Army Medical College, Chattogram (AMCC) is a military medical college, established in 2014. It is located in Chattogram Cantonment, Bangladesh. It is affiliated with Bangladesh University of Professionals. The college started its academic journey on 10 January 2015 with 50 students and 13 faculty members.

It offers a five-year course of study leading to a Bachelor of Medicine, Bachelor of Surgery (MBBS) degree. A one-year internship after graduation is compulsory for all graduates. The degree is recognised by the Bangladesh Medical and Dental Council.

Currently it has 11 batches with 50 students per batch.

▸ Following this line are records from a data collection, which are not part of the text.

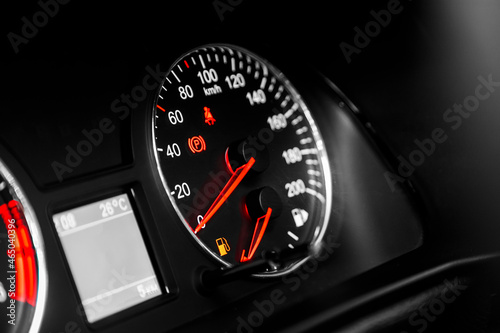 round speedometer, odometer with a range, tachometer. sign and symbol on car dashboard.
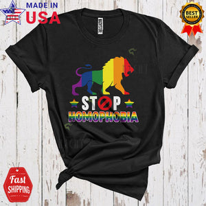 Stop Homophobia Cool Proud LGBT LGBTQ Support Lesbian Gay Pride Rainbow Lion Lover T-Shirt
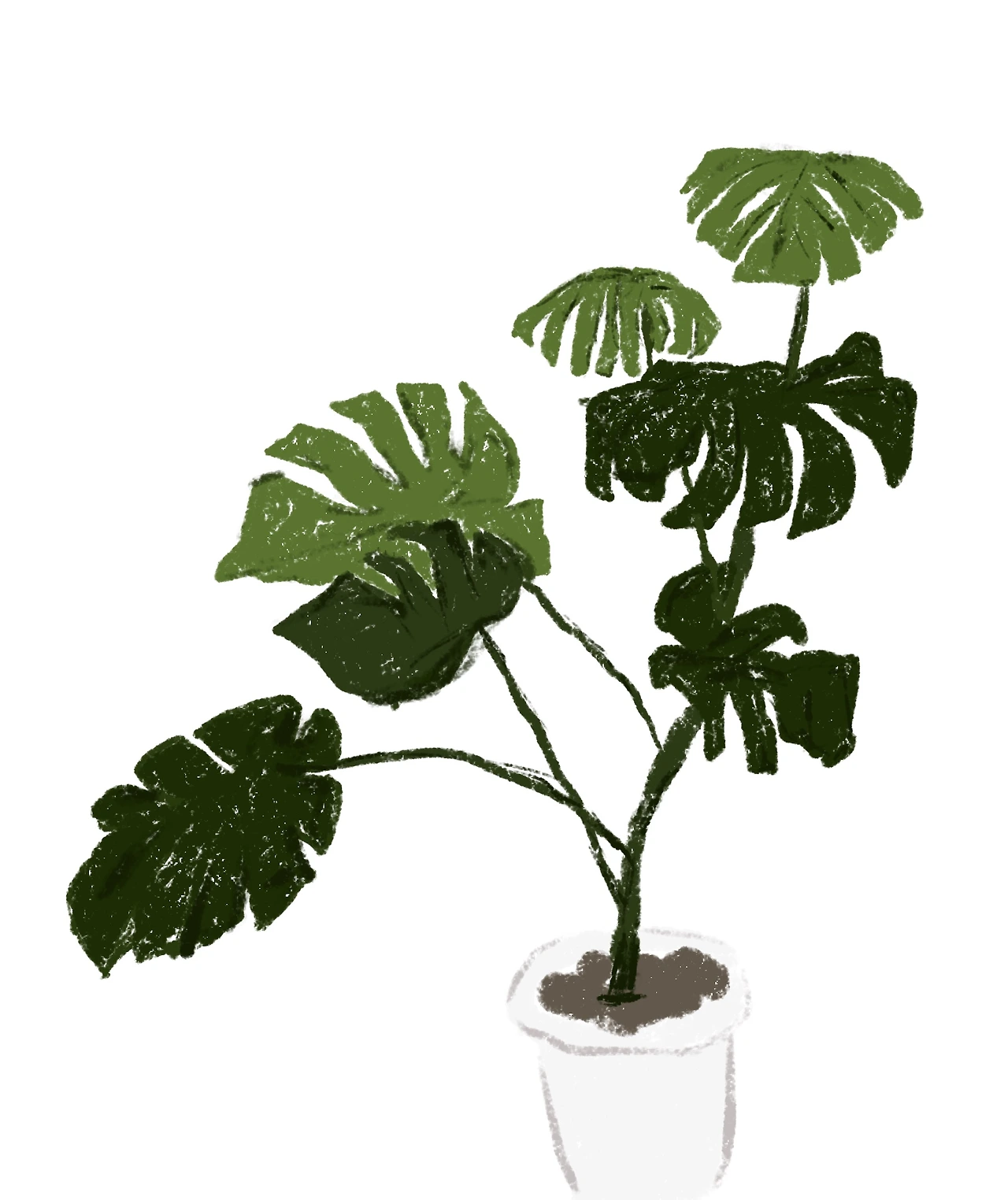 몬스테라는 그 이름 몬스터처럼 특별히 신경 쓰지 않아도 무시무시하게 잘 자라준다. 특유의 넓은 잎과 갈라진 무늬는 자유로우면서도 강렬한 인상을 준다. 나는 몬스테라를 주로 거실 중앙에 두지만, 이 식물은 침실에도 잘 어울린다. 거실에서는 공간의 중심을 잡아주며, 생명력 넘치는 분위기를 만들어준다. 밝은 햇살이 몬스테라의 잎을 타고 들어오는 아침이면, 집 안 전체가 생동감으로 가득 차는 기분이 든다. 반면 침실에 놓인 몬스테라는 조금 더 부드러운 에너지를 발산한다. 하루를 마치고 잠들기 전, 부드럽게 갈라진 잎들을 바라보며 긴장을 풀곤 한다. 몬스테라는 어떤 공간에 두더라도 그곳을 자연스럽게 감싸 안는다. 이 식물이 가진 생명력은 그저 활기차기만 한 것이 아니라, 공간에 안정감과 조화로움을 더해준다. 잎사귀가 큰 대형 식물은 크게 자리를 두고 높낮이의 재미를 둔다. 공간의 바닥부터 천장까지 활용하면 더 볼륨 있어 보이니까. 여기저기서 쉽게 볼 수 있는 국민 식물이 되었다고 하더라도 여전히 내 눈에는 질리지 않는다.
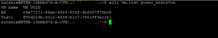 for vm_name in `acli vm.list power_state=on | grep -v ^'VM
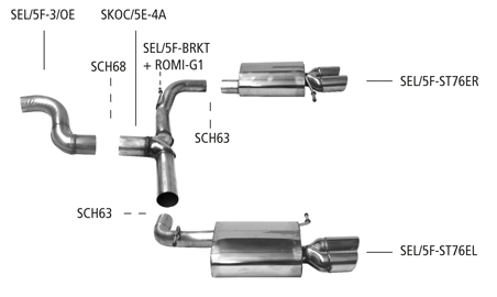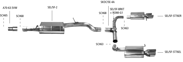 Endschalldämpfer mit Doppel-Endrohr, 20° schräg, mit Lippe RH 2 x Ø 76 mm
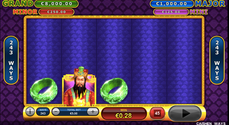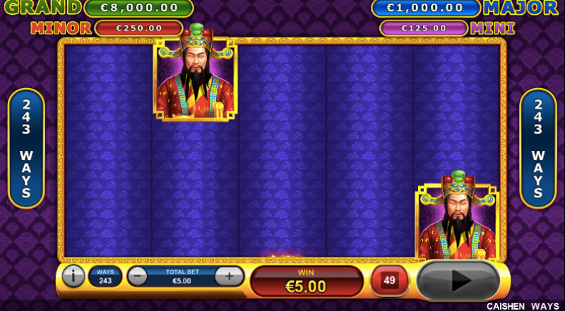 The Asian themed game begins with a Chinese music intro and takes you to the main screen. You will see an image of Caishen sitting above the reels, with boxes showing the game’s Grand, Major, Minor, and Mini jackpots. The game screen and reels are straightforward.
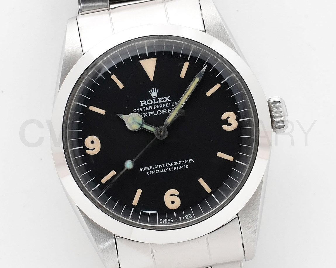 使用によるスレ、キズがございますが、ケースがしっかりとしている印象の良い個体です。ダイヤルは3・6・9インデックスが1016の中でも太いメガファットルミナスで比較的キレイな状態を維持しております。入荷が少ない希少ダイヤルで、年代の合ったリベットブレスが装備された雰囲気がある個体になりますのでお探しの方は是非ご検討下さい。弊社提携工房にてオーバーホール済みの商品になります。
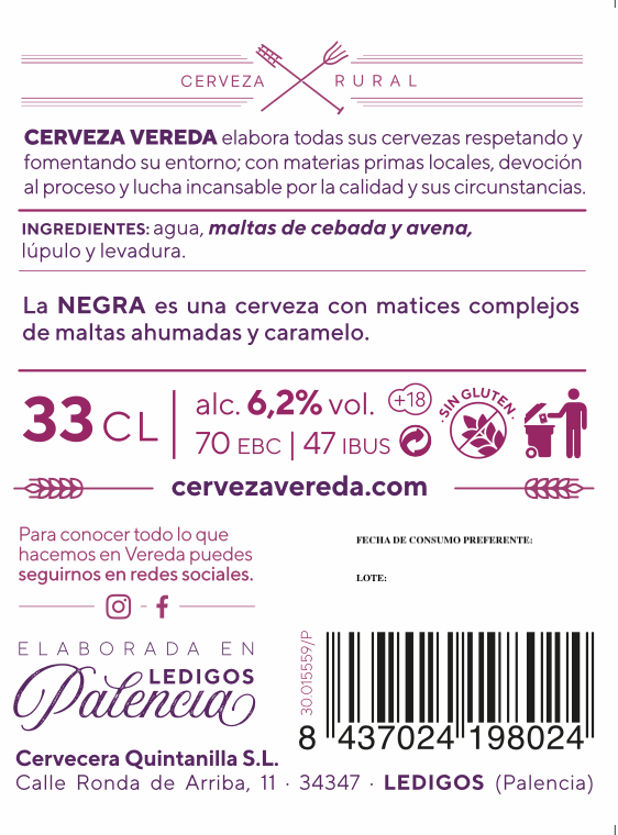 VEREDA elabora todas sus cervezas respetando y fomentando su entorno; con materias primas locales, devoción al proceso y lucha incansable por la calidad y sus circunstancias.
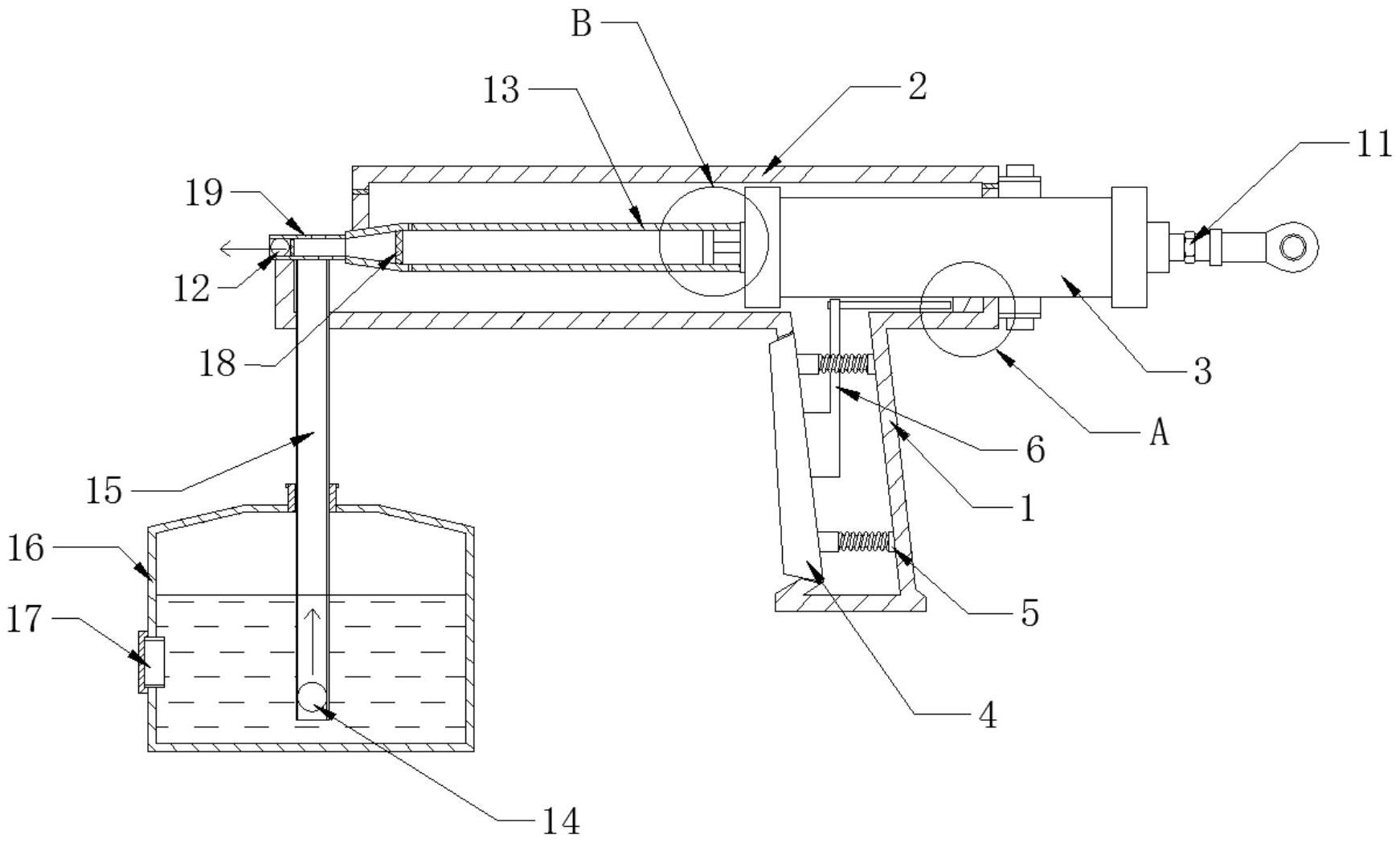 本实用新型公开了一种可移动式内墙涂料喷枪,涉及涂料喷枪技术领域,装置主体顶部设有顶盖,装置主体底部设有扳机,扳机内侧设有弹簧柱,且弹簧柱的右侧连接装置主体,并且扳机的内侧设有连接器,且连接器顶部设有传输轴,装置主体顶部与气缸进行连接,并且喷嘴内部设有第一单向阀,且滤嘴底部设有橡胶管,橡胶管底部与储料罐进行连接,且橡胶管底部设有第二单向阀。通过气缸、液压杆和喷气管等装置,在使用者按下扳机后,便可将储料罐中的涂料喷涂在墙上,且可以通过气缸来不断地往喷气管内灌入压力,使得涂料可以喷涂较远的内墙,同时也可使使用者在使用时可以方便的移动,大大提高了效率。
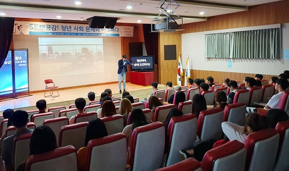 이날 ㈜유스베이스캠프 엄주환 대표가 강사로 초청돼 ‘청년이여, 꿈에 도전하자!’를 주제로 특강을 진행했으며 다양한 사회문제를 학생들과 인식하고 공감하는 시간을 가졌다.
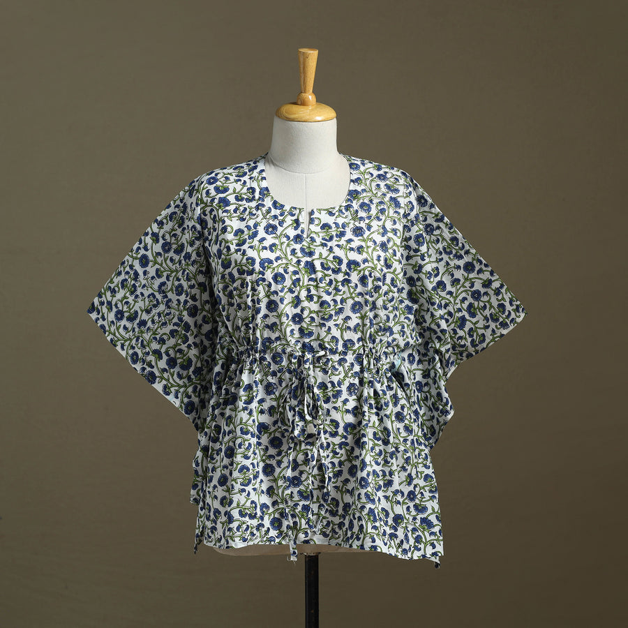Fine quality sanganeri block printed cotton kaftan with tie-up waist. A traditional kaftan or caftan is an short-length garment with long, flowing sleeves. It has an adjustable drawstring waist. These loose-fitting cotton kaftans are enhanced by a soft touch and beautiful hand prints. This dress will allow you to move with ease and comfort. The drawstring waist tie will give you the freedom to customize the fit to suit your unique shape.
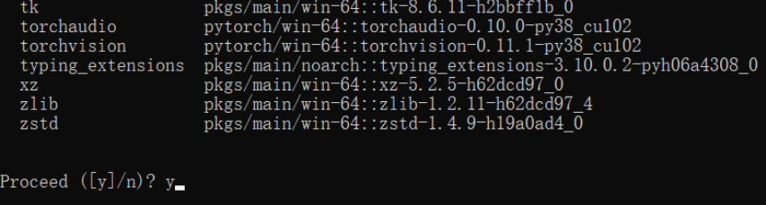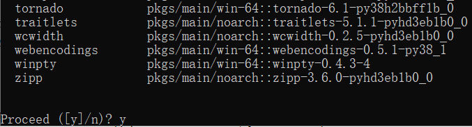 输入 y 开始安装需要的包并创建环境(如果出现了 ERROR 并且你此时正在使用代理,尝试关闭代理)。
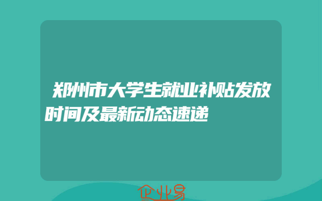 - 郑州市大学生就业补贴发放时间及最新动态速递
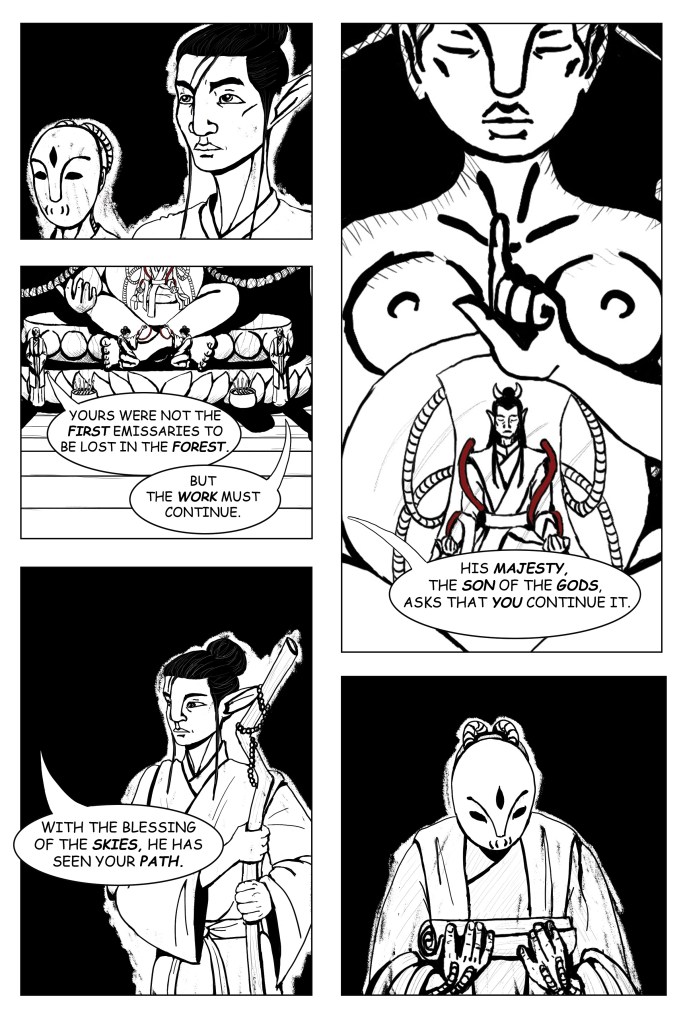 Second Priest (off-panel): With the blessing of the skies, he has seen your path.
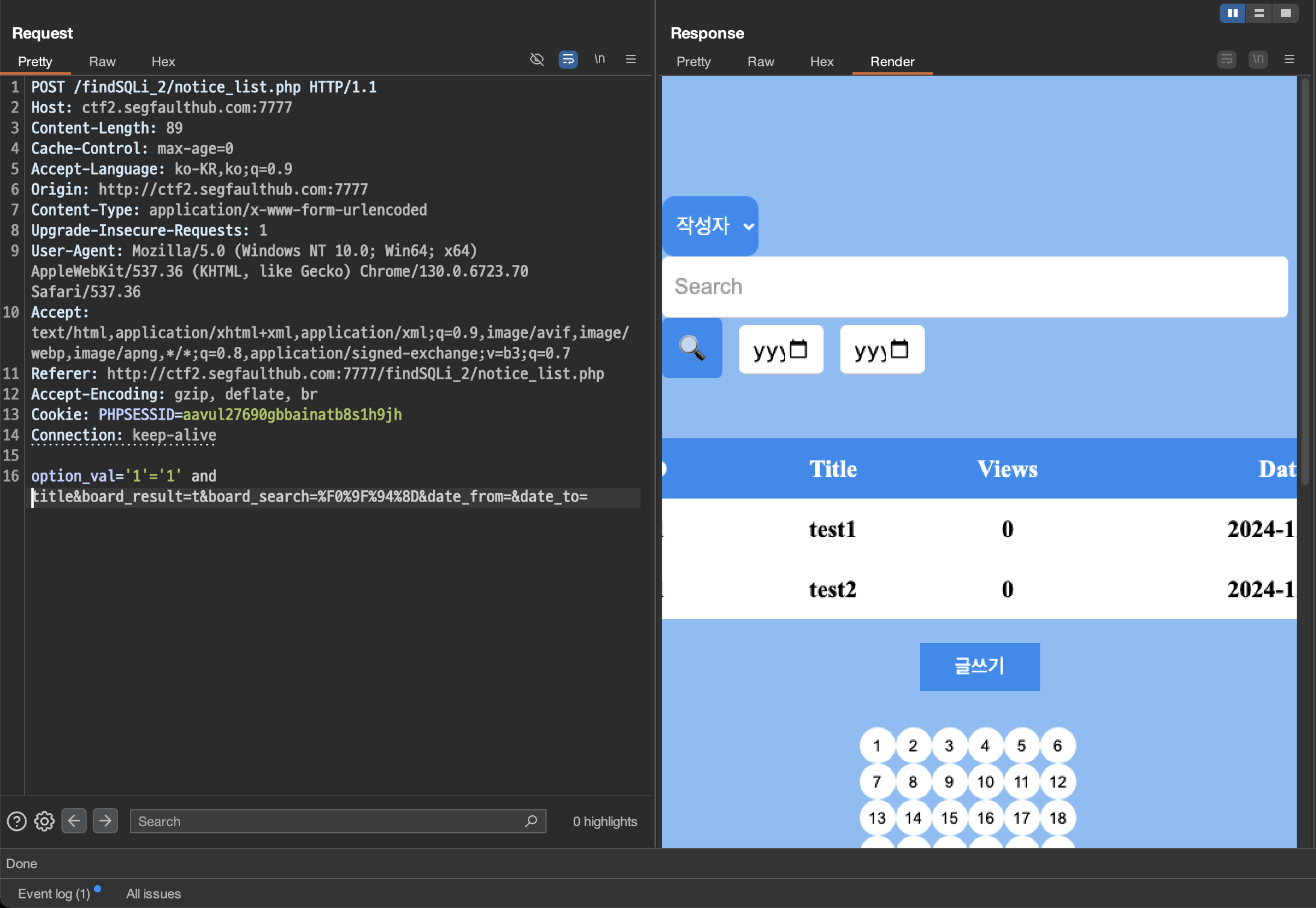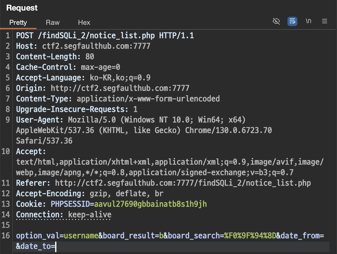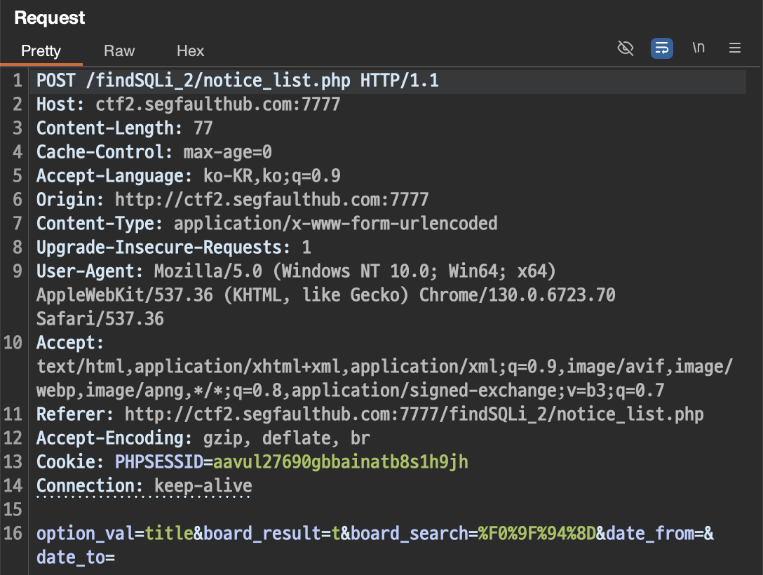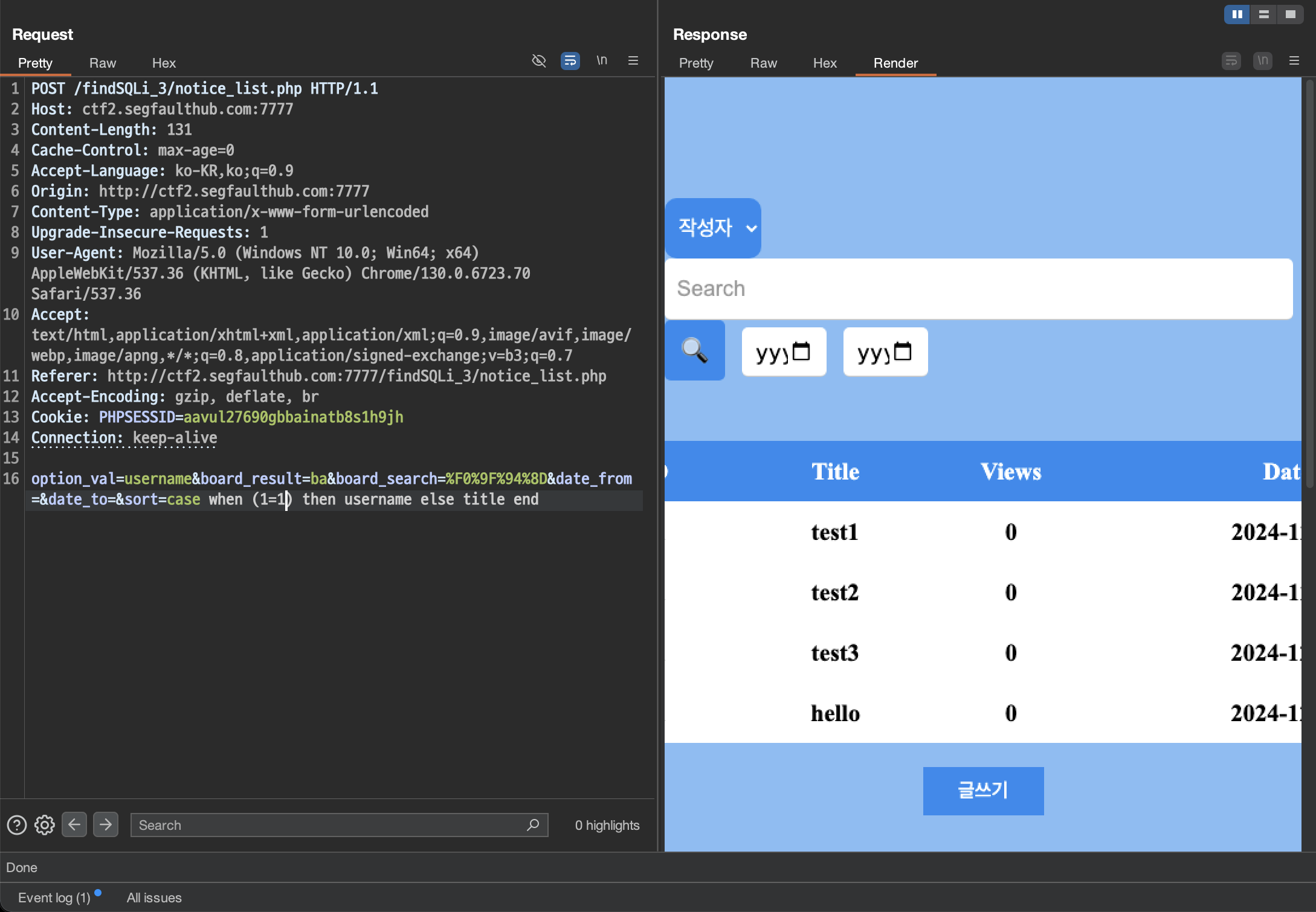 패킷의 파라미터를 살펴보면 option_val=username&board_result=b 내가 입력한 b와 username은 작성자 밑에는 title은 제목 카테고리인 것을 알 수 있다. 이 파라미터가 서버에 전달된다면 제목을 기준으로 내가 입력한 문자를 조건으로 찾기 때문에

Every year only 50 students gain admission to this college.

==Controlling authority==
The controlling authority of Army Medical College Chattogram is shown below:

1. Ministry of Defence (Bangladesh)
2. Army Headquarters
3. Bangladesh University of Professionals(BUP)
4. Bangladesh Medical and Dental Council(BM&DC)

==Campus==
Location for Permanent College Campus has been selected near Military Farm. It has no permanent campus yet. It has four lecture galleries equipped with modern teaching aids (of which three lecture halls are air-conditioned). It has a dissection hall with attached preservation room, has a histology room and a museum for the department of Anatomy. It also has well furnished laboratories for all other pre-clinical & para-clinical departments. Every department has its own tutorial room. It has enough histology slides, cadavers, viscera and models in the department of Anatomy. Ward placement for the clinical years is held in Chittagong CMH. Medicine & Surgery wards of Chittagong CMH are now affiliated by BCPS and affiliation of BCPS for Gynae & Obstetrics ward, Eye & ENT ward are under process. Autopsy classes are held in Chittagong Medical College under special considerations.

==Appearance in professional examinations==

First batch of this institution appeared 1st professional MBBS examination held in May 2016. They achieved tremendous success. They secured three places - 1st (Shakib Bin Mohiuddin), 2nd (Fahmida Ferdous) and 9th (Mishkat Misho).

==Games and sports==

Facilities for following games and sports are available:

(1) Football

(2) Volleyball

(3) Badminton

(4) Table tennis

(5) Cricket

(6) Chess

==Dormitory facilities==
Army Medical College Chattogram is a residential institution.